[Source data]
──────
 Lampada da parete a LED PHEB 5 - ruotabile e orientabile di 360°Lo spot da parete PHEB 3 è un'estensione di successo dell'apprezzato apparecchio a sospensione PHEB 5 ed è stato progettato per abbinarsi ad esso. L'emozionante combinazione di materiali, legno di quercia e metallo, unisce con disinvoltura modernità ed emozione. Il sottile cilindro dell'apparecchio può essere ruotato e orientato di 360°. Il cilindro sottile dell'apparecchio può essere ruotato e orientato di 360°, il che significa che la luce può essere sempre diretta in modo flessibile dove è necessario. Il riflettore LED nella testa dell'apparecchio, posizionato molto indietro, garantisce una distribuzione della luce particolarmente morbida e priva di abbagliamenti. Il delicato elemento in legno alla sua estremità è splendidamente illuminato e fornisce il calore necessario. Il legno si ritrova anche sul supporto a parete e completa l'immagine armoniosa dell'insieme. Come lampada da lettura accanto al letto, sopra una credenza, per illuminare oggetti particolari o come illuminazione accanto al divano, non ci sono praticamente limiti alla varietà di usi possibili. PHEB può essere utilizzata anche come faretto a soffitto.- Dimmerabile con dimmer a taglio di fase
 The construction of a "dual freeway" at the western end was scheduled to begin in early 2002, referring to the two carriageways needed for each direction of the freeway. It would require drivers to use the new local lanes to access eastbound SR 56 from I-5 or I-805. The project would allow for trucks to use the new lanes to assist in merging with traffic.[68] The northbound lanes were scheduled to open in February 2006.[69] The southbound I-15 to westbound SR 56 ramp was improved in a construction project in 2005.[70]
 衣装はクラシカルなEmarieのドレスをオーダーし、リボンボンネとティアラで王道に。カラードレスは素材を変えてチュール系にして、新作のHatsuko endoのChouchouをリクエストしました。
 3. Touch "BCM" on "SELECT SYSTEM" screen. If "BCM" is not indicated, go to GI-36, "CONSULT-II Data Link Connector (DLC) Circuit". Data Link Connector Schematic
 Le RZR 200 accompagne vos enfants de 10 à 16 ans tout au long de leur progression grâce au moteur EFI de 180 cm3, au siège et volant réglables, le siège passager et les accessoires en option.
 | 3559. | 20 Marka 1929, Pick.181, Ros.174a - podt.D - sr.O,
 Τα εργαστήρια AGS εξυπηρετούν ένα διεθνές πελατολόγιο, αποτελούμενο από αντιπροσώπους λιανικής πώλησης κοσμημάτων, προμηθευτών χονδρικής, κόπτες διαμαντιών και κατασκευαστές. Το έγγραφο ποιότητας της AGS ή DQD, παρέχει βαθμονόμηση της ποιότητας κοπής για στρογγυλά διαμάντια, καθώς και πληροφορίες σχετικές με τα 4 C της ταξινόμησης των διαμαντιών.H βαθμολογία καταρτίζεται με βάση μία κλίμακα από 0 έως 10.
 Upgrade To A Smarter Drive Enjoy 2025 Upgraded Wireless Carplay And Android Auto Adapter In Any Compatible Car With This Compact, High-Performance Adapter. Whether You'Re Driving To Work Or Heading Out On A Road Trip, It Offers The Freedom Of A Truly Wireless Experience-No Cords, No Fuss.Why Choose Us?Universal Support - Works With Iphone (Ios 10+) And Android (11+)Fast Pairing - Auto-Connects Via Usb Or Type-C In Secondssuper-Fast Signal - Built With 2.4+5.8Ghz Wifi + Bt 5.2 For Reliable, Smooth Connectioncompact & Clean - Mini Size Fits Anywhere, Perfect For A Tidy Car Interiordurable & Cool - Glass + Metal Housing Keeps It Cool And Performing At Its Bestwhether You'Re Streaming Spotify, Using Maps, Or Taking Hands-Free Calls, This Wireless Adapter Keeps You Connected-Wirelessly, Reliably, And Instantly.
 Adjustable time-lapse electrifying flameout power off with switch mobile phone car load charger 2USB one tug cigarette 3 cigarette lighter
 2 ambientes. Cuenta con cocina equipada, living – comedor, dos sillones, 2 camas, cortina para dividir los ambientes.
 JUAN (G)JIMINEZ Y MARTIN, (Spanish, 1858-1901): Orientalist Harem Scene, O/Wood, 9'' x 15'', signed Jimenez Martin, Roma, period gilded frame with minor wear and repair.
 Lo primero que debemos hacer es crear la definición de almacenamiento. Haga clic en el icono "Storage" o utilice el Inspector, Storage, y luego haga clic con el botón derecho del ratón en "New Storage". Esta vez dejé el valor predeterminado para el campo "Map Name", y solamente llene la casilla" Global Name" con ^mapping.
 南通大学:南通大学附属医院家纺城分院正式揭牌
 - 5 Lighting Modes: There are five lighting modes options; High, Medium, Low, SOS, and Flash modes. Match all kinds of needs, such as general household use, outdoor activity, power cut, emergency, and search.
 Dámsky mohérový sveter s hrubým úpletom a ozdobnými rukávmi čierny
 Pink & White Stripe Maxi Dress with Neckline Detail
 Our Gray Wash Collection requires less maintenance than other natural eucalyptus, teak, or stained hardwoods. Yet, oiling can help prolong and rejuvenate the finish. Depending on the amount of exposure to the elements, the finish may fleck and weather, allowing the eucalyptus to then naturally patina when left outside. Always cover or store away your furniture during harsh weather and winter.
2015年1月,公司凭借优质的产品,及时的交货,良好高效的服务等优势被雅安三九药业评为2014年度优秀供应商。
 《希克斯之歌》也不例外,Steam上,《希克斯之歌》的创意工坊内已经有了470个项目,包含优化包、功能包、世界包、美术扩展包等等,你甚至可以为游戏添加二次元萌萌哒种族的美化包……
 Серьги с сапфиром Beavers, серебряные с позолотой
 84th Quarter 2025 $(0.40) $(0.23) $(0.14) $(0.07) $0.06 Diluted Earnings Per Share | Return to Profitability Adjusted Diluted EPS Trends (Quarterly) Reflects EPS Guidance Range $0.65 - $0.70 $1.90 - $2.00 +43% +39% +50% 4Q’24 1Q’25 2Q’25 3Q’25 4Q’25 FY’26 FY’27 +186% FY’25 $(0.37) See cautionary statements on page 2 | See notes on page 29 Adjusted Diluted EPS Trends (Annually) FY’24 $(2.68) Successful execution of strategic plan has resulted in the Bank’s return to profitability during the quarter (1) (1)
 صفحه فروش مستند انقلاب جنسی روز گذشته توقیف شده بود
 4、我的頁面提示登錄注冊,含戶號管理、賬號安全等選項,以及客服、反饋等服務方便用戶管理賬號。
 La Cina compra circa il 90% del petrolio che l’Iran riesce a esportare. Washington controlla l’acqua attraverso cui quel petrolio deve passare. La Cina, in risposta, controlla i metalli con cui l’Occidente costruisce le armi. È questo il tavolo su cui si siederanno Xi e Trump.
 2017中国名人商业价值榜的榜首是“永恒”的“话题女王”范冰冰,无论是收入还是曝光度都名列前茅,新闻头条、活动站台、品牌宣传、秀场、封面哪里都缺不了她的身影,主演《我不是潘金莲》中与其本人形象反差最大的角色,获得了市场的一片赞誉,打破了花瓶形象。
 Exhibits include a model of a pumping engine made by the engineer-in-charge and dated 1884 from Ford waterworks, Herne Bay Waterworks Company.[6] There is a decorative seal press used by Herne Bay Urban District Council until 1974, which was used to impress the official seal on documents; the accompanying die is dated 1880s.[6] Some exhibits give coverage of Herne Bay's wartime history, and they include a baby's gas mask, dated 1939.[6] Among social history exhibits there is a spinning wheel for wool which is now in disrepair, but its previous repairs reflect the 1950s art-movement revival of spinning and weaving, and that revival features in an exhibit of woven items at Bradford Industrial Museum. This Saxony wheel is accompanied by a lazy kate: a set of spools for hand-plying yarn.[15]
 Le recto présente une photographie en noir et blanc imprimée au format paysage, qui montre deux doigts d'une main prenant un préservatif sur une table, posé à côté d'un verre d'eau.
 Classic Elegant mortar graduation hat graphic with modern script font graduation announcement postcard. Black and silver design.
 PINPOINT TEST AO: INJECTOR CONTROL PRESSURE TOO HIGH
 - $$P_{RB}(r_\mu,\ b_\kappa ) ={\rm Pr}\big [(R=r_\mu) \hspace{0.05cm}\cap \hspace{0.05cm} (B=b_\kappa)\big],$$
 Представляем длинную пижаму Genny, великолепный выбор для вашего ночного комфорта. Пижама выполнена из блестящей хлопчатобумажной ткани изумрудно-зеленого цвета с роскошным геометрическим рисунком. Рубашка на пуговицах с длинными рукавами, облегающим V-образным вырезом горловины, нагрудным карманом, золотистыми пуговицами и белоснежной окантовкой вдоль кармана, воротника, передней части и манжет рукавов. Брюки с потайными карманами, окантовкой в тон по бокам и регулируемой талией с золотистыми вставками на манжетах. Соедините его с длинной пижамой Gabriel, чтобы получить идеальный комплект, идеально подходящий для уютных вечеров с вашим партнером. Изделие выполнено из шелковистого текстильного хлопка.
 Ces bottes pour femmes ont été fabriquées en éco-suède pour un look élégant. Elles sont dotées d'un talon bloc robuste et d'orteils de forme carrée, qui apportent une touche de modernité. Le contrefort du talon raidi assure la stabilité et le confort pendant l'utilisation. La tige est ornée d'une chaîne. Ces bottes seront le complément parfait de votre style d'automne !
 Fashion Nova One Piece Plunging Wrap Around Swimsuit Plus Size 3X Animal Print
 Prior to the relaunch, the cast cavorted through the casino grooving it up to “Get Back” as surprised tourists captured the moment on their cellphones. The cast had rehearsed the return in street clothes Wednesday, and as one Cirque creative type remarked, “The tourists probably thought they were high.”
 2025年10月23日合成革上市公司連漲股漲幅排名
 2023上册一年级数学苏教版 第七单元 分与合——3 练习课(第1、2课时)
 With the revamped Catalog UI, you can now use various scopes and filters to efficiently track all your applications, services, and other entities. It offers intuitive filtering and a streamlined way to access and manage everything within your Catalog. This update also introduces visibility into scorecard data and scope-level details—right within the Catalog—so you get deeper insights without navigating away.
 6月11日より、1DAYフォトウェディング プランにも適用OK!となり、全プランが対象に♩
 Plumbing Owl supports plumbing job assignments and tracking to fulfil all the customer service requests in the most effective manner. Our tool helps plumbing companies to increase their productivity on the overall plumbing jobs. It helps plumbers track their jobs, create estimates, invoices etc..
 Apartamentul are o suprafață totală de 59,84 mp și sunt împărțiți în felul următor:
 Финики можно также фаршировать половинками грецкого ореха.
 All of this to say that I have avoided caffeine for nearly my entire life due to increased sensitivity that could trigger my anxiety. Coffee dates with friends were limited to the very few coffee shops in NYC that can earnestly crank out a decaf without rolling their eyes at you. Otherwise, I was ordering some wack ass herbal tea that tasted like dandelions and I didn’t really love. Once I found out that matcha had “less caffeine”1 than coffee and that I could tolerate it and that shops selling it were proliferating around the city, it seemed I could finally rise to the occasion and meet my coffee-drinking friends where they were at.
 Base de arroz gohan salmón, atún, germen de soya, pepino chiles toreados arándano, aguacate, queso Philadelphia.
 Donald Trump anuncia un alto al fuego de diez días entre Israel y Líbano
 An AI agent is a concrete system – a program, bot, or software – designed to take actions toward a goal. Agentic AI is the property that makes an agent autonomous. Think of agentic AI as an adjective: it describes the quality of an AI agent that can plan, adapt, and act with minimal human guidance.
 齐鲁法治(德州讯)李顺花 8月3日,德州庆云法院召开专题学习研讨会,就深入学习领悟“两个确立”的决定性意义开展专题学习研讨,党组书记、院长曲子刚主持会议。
──────
Exercise details
Every line that holds the string "than" must be copied from the records above.

Answer for the task
 Our Gray Wash Collection requires less maintenance than other natural eucalyptus, teak, or stained hardwoods. Yet, oiling can help prolong and rejuvenate the finish. Depending on the amount of exposure to the elements, the finish may fleck and weather, allowing the eucalyptus to then naturally patina when left outside. Always cover or store away your furniture during harsh weather and winter.
 All of this to say that I have avoided caffeine for nearly my entire life due to increased sensitivity that could trigger my anxiety. Coffee dates with friends were limited to the very few coffee shops in NYC that can earnestly crank out a decaf without rolling their eyes at you. Otherwise, I was ordering some wack ass herbal tea that tasted like dandelions and I didn’t really love. Once I found out that matcha had “less caffeine”1 than coffee and that I could tolerate it and that shops selling it were proliferating around the city, it seemed I could finally rise to the occasion and meet my coffee-drinking friends where they were at.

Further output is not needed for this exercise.